München - Hamada Iraki liefert den leidenden Löwen-Fans einen Strohhalm zum Festklammern. Es bleiben zwei Fragen, die Präsident Dieter Schneider beantwortet. Einmal ist auch er überfragt.

"Ich denke schon, dass wir uns um drei neue Spieler umschauen werden.

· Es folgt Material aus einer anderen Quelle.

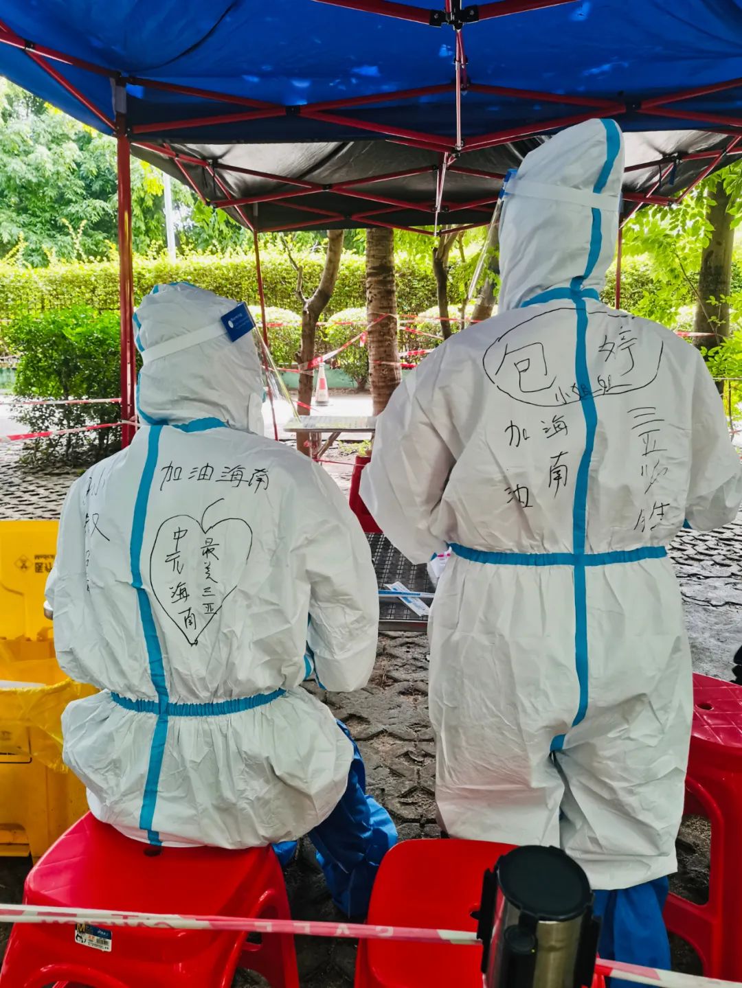 8月4日起,中元海南三亚办公区员工即因城市静态管控转入居家办公状态,中元海南3名员工就地转为社区志愿者参加社区抗疫工作。每天清晨和上午,他们身披“白甲”报到集合,顶着三亚的烈日,维持秩序、测量体温、采集信息;下午和晚上,他们居家办公,完成手头生产任务。截至8月17日,3名员工共计参与志愿者服务26天,作为央企员工代表为海南抗疫奉献绵薄之力。

Ganz gezielt für Positionen, auf denen wir es nötig haben. Und das müssen dann aber drei richtig gute Leute sein. Mit Bundesligareife.“ So hat es Hamada Iraki, der Vertraute von Investor Hasan Ismaik, am Montag in der tz angekündigt.

Ein Hoffnungsschimmer für die Fans der Sechziger in diesen trostlosen Zeiten. Ein Strohhalm zum Festklammern, bis sie endlich vorbei ist, diese vermaledeite Übergangssaison. Bleiben zwei Fragen. Erstens: Wie soll man den verbleibenden 20 Spieltagen noch einen Sinn einhauchen? Und zweitens: Wie wird das Investment 2012 konkret vonstatten gehen?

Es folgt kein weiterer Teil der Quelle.